[Date Prev][Date Next][Thread Prev][Thread Next][Date Index][Thread Index]
Re: parallelization of ./configure compiler test processes
From: |
Thomas Jahns |
Subject: |
Re: parallelization of ./configure compiler test processes |
Date: |
Thu, 30 Mar 2023 01:05:36 +0200 |
Hello Danny,
I spent some time thinking about improvements to autoconf configure scripts
(while waiting for builds to proceed). In my view, it is currently still easier
to seek small efficiency gains that, in sum, could still improve run-time
substantially than parallelizing the whole would be, because there is so much
often untapped potential:
* Use bash builtin shell commands to fork and especially exec less. In modern
systems with comparatively fast data paths compared to anything that affects
resource control, like changing memory mappings, dropping caches etc., syscalls
can be a substantial source of slow down.

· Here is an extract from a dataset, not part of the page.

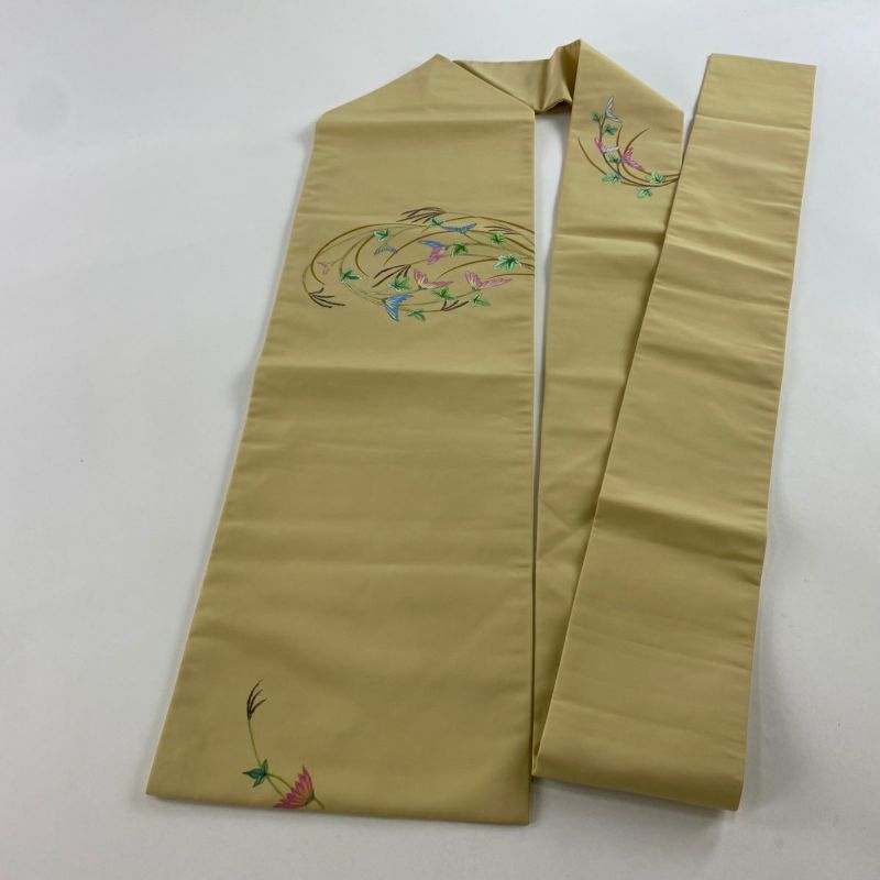 セミフォーマルでお使いいただける名古屋帯でございます。 見る人に重たい印象を感じさせない女性ならではの、気品豊かな一品です。 締め跡がございます。 垂境付近と前柄柄部分にシミ、垂境付近に小さなシミがございます。 リユース品としては良い状態で、まだまだご活用頂けると思われます。 沢山の商品の中からご覧いただき誠にありがとうございます。 【PR2】

* Use TMPDIR to prevent temporary files from hitting disk (use /dev/shm or
similar instead of /tmp)
* In the case of spack I've seen substantial improvements from running the
whole build in /dev/shm and think spack should at least mention the possibility
for systems with substantial amounts of RAM (and guess what kind of system many
sites using spack just happen to have?).
* The gcc option -pipe is similarly helpful to get build phases to start as
soon as possible.
I'm writing this, because I feel that quite a few bright minds went for the
all-or-nothing goal of successful parallelization only to end up with
something, if at all, that did not make it into general use, when smaller,
incremental improvements can be introduced with much less risk in terms of
correctness.
And, especially in the context of a package manager that has almost full
control about what factors into the build but is outside the source tree of
each package, I feel it's very useful to think about the whole machinery to be
up for improvements.
Regarding parallelization for autoconf in particular, I think autoconf could
very much benefit from having first more explicit effects of each macro, i.e.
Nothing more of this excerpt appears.